══ Data for this task ══

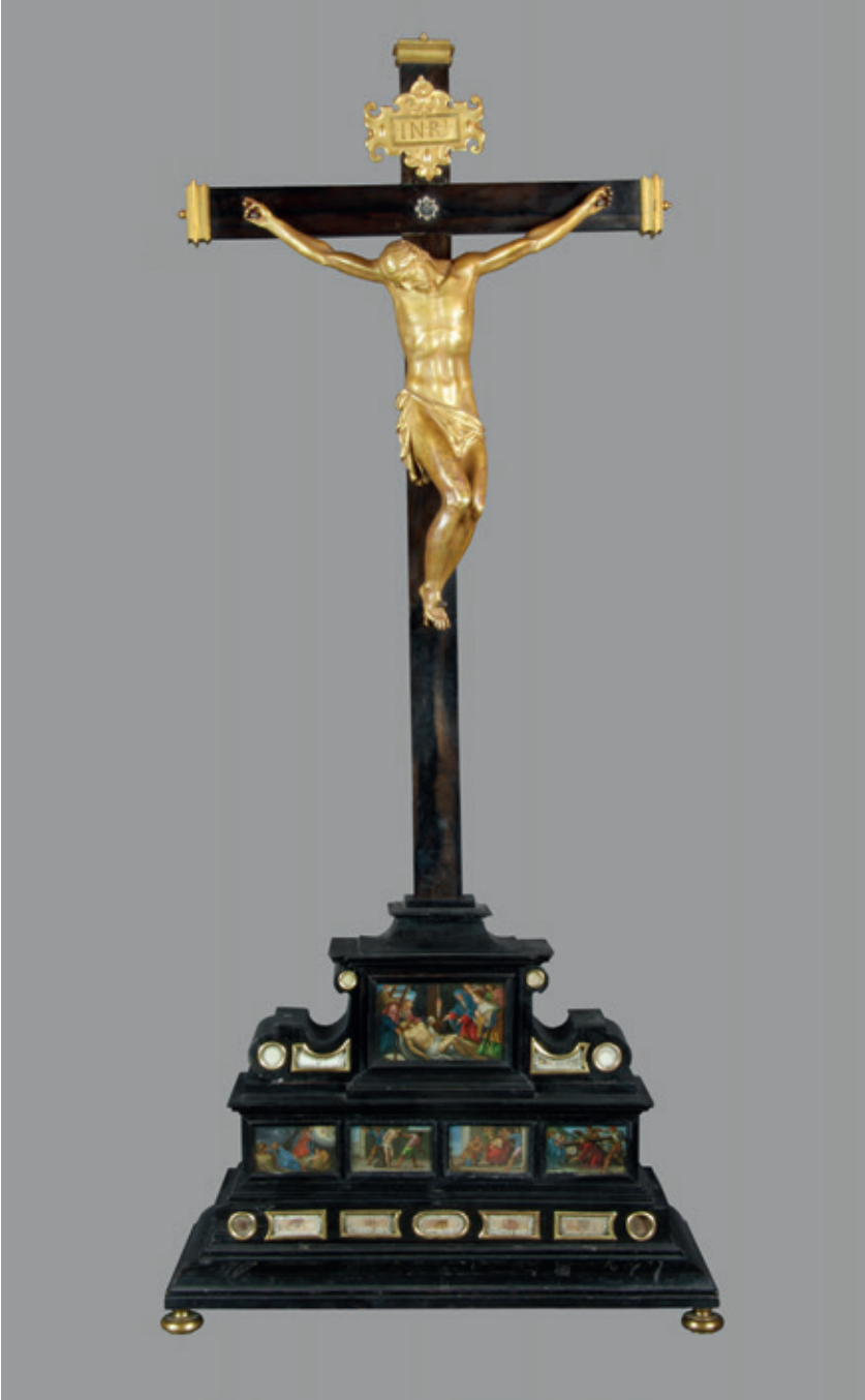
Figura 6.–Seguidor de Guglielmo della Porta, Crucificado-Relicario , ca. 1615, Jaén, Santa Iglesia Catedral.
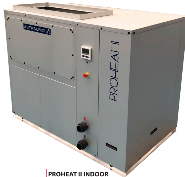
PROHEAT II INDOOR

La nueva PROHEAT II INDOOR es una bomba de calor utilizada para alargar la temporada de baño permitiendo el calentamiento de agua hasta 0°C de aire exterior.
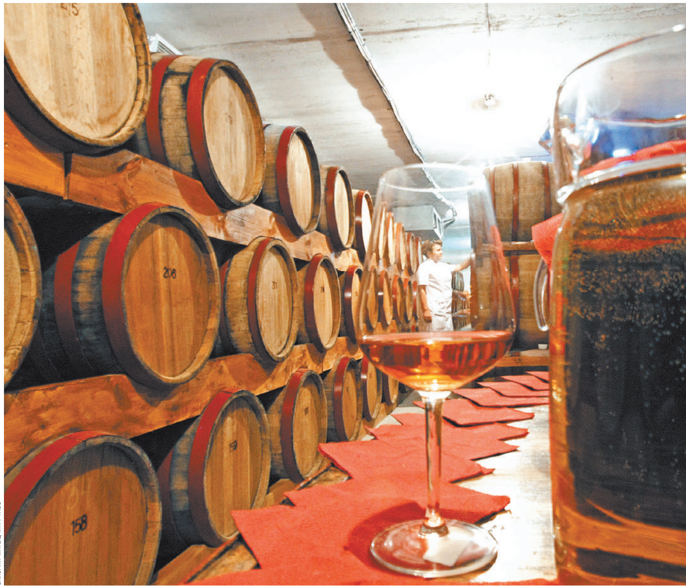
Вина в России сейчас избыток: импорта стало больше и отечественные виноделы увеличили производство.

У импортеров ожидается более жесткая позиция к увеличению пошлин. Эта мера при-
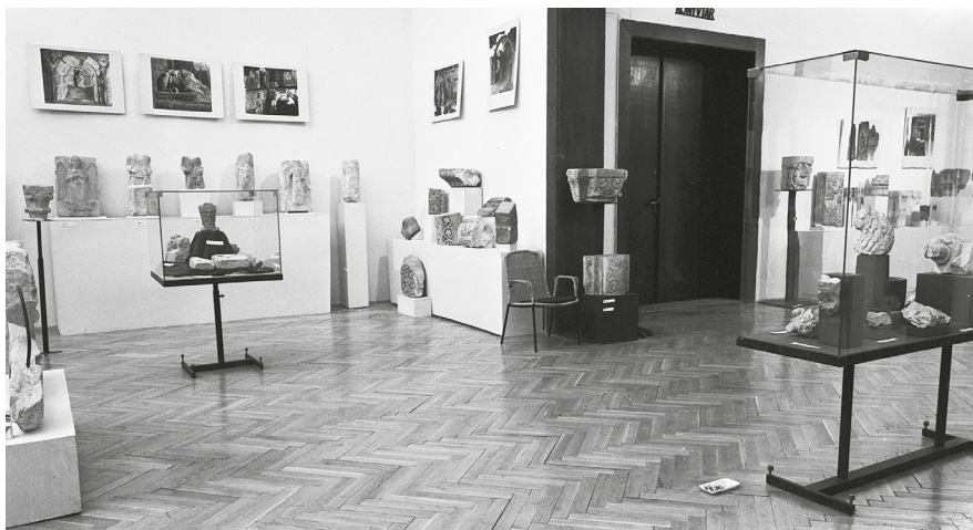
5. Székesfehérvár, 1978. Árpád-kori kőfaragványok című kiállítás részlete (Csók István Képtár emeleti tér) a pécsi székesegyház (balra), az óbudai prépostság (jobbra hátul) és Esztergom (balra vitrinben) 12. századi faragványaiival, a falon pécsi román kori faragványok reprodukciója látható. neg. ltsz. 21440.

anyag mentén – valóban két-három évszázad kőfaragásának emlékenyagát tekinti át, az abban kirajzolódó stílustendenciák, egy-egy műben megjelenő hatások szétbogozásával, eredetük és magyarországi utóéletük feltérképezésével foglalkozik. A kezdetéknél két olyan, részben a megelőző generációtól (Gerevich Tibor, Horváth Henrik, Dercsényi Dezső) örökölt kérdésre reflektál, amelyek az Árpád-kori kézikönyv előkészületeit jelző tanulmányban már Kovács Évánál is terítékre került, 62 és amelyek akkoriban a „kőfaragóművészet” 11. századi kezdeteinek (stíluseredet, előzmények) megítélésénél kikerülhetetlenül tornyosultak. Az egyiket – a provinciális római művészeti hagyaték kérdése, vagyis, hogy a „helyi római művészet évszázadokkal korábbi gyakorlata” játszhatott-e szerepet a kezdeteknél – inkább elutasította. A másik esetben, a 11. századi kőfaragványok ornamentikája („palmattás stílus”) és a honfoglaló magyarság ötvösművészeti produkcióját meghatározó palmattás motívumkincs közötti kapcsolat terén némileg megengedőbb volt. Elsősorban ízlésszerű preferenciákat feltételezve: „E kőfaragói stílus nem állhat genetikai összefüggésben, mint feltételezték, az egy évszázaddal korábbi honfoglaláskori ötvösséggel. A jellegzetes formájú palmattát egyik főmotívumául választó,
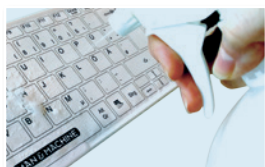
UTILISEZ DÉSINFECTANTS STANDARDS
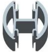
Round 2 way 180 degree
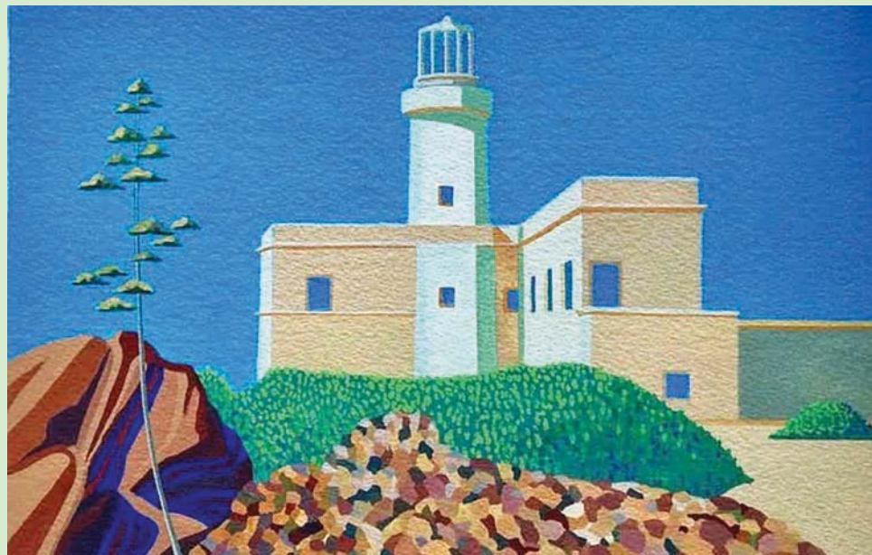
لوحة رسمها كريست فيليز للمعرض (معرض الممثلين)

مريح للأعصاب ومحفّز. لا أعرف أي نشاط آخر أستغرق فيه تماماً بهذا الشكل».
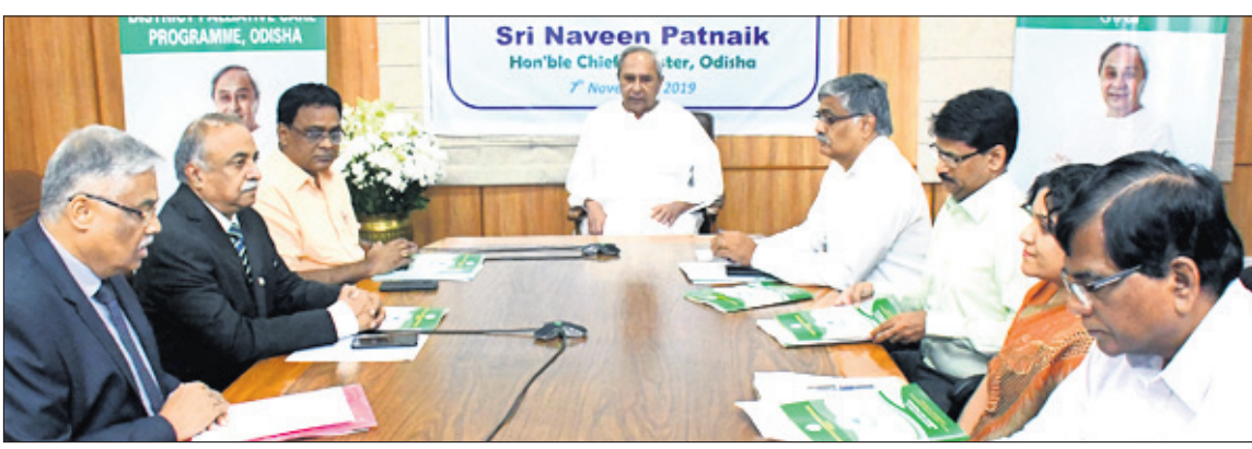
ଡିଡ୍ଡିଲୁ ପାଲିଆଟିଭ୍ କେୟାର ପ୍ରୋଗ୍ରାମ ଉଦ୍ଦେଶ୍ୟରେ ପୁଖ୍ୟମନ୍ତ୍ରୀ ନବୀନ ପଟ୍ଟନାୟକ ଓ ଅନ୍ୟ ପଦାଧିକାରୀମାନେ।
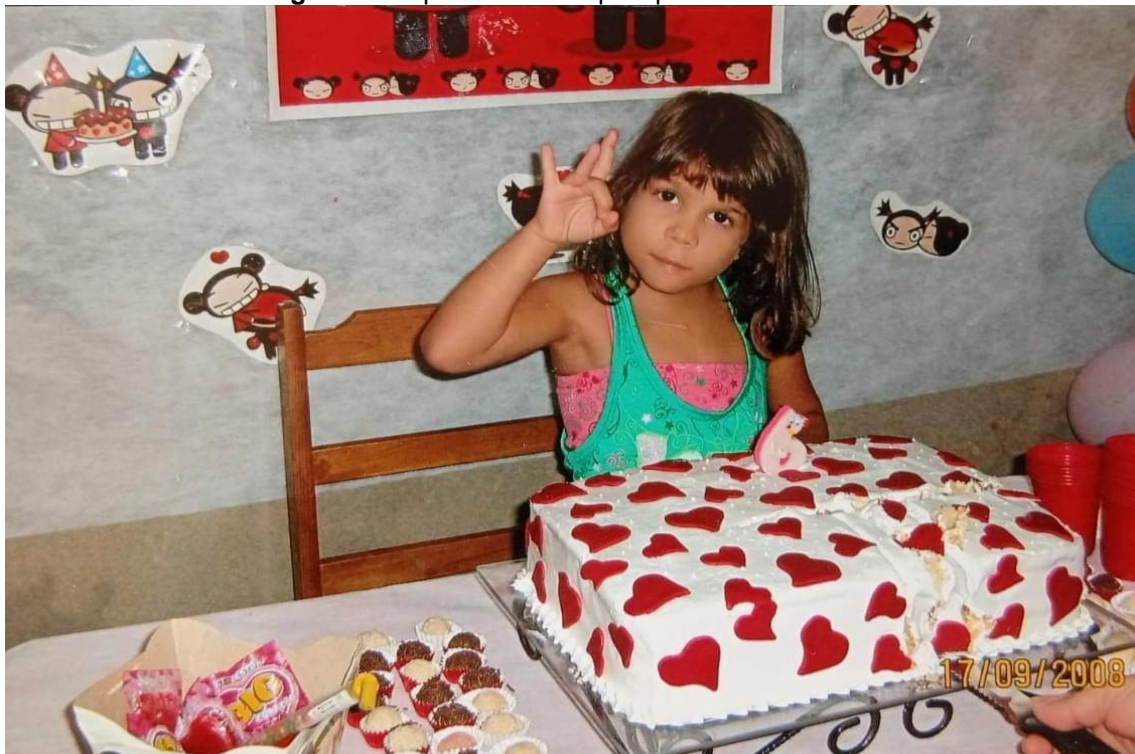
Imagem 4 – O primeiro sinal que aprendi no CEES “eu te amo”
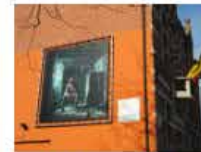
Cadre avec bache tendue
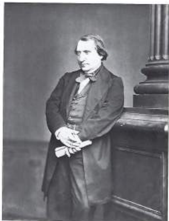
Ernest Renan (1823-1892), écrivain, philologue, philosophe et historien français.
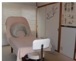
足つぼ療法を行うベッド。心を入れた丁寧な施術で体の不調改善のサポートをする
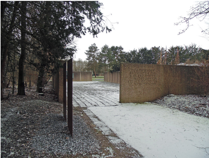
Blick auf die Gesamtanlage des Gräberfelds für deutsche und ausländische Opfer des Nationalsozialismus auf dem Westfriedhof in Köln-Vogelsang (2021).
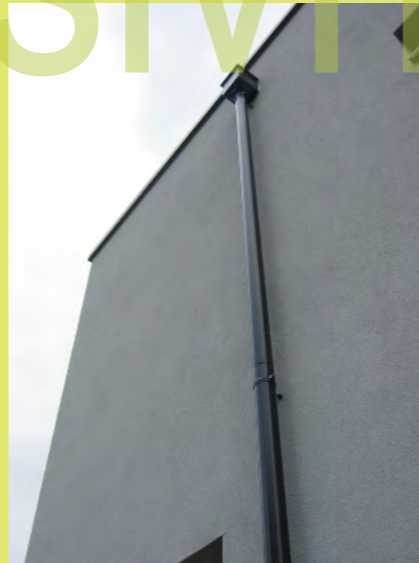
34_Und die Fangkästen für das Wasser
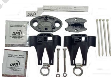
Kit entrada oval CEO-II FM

═══

### [Task objective]
The required output is the exact lines from the opening line of the entries through the line with "مريح للأعصاب ومحفّز.", inclusive, without pictures.

### [Problem solution]
Figura 6.–Seguidor de Guglielmo della Porta, Crucificado-Relicario , ca. 1615, Jaén, Santa Iglesia Catedral.
PROHEAT II INDOOR

La nueva PROHEAT II INDOOR es una bomba de calor utilizada para alargar la temporada de baño permitiendo el calentamiento de agua hasta 0°C de aire exterior.
Вина в России сейчас избыток: импорта стало больше и отечественные виноделы увеличили производство.

У импортеров ожидается более жесткая позиция к увеличению пошлин. Эта мера при-
5. Székesfehérvár, 1978. Árpád-kori kőfaragványok című kiállítás részlete (Csók István Képtár emeleti tér) a pécsi székesegyház (balra), az óbudai prépostság (jobbra hátul) és Esztergom (balra vitrinben) 12. századi faragványaiival, a falon pécsi román kori faragványok reprodukciója látható. neg. ltsz. 21440.

anyag mentén – valóban két-három évszázad kőfaragásának emlékenyagát tekinti át, az abban kirajzolódó stílustendenciák, egy-egy műben megjelenő hatások szétbogozásával, eredetük és magyarországi utóéletük feltérképezésével foglalkozik. A kezdetéknél két olyan, részben a megelőző generációtól (Gerevich Tibor, Horváth Henrik, Dercsényi Dezső) örökölt kérdésre reflektál, amelyek az Árpád-kori kézikönyv előkészületeit jelző tanulmányban már Kovács Évánál is terítékre került, 62 és amelyek akkoriban a „kőfaragóművészet” 11. századi kezdeteinek (stíluseredet, előzmények) megítélésénél kikerülhetetlenül tornyosultak. Az egyiket – a provinciális római művészeti hagyaték kérdése, vagyis, hogy a „helyi római művészet évszázadokkal korábbi gyakorlata” játszhatott-e szerepet a kezdeteknél – inkább elutasította. A másik esetben, a 11. századi kőfaragványok ornamentikája („palmattás stílus”) és a honfoglaló magyarság ötvösművészeti produkcióját meghatározó palmattás motívumkincs közötti kapcsolat terén némileg megengedőbb volt. Elsősorban ízlésszerű preferenciákat feltételezve: „E kőfaragói stílus nem állhat genetikai összefüggésben, mint feltételezték, az egy évszázaddal korábbi honfoglaláskori ötvösséggel. A jellegzetes formájú palmattát egyik főmotívumául választó,
UTILISEZ DÉSINFECTANTS STANDARDS
Round 2 way 180 degree
لوحة رسمها كريست فيليز للمعرض (معرض الممثلين)

مريح للأعصاب ومحفّز. لا أعرف أي نشاط آخر أستغرق فيه تماماً بهذا الشكل».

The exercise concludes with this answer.